All results are presented as mean ± SEM. Statistical significance was determined using GraphPad Prism software. Data that passed the normality test were analyzed using Student’s t test for two groups; one-way ANOVA with Tukey’s post-hoc analysis for more than two groups; or two-way ANOVA with Sidak’s post-hoc analysis for two factors. Data that were not normally distributed were analyzed using the nonparametric Mann-Whitney U test, or, for more than two groups, by Kruskal-Wallis with post-hoc analysis by the Dunn test. The statistical details can be found in the figures and legends.

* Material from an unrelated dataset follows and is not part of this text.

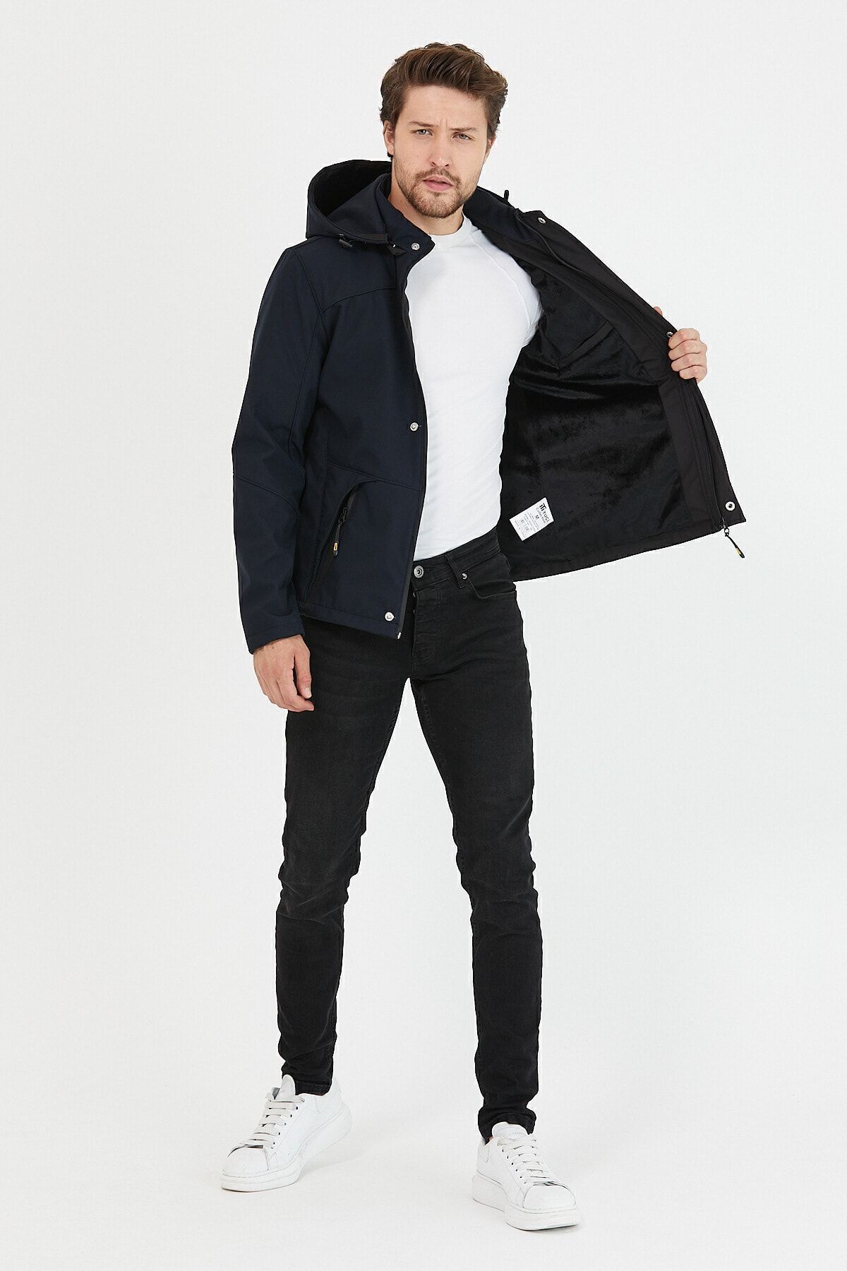 کاپشن مردانه کلاه دار سرمه ای ضد آب و بادگیر Softshell

DATA AND CODE AVAILABILITY

This study did not generate any unique datasets or code.

Highlights.

• Liver cholesterol and TAZ are elevated in human and mouse fibrotic NASH

• Increased hepatocyte cholesterol upregulates TAZ in human and mouse hepatocytes

• Cholesterol blocks TAZ proteasomal degradation via an adenylyl cyclase-RhoA pathway

• Silencing the pathway in hepatocytes lowers TAZ and fibrosis in experimental NASH

Context and Significance.

Nonalcoholic steatohepatitis (NASH) is the leading cause of chronic liver disease, with liver fibrosis being the most important predictor of liver failure. Due to major gaps in understanding the mechanisms of NASH fibrosis, treatment options are markedly limited. In human NASH, there are increases in both cholesterol and a fibrotic NASH-promoting protein called TAZ, but mechanisms linking cholesterol to NASH and NASH to TAZ upregulation remain unknown. Using specimens and liver cells (hepatocytes) from human and mouse NASH livers, researchers at Columbia University show that excess cholesterol in human and mouse hepatocytes increases TAZ through a calcium-mediated signaling pathway. Importantly, silencing genes in the pathway lowers TAZ, inflammation, and fibrosis in experimental NASH, suggesting new targets for therapeutic intervention.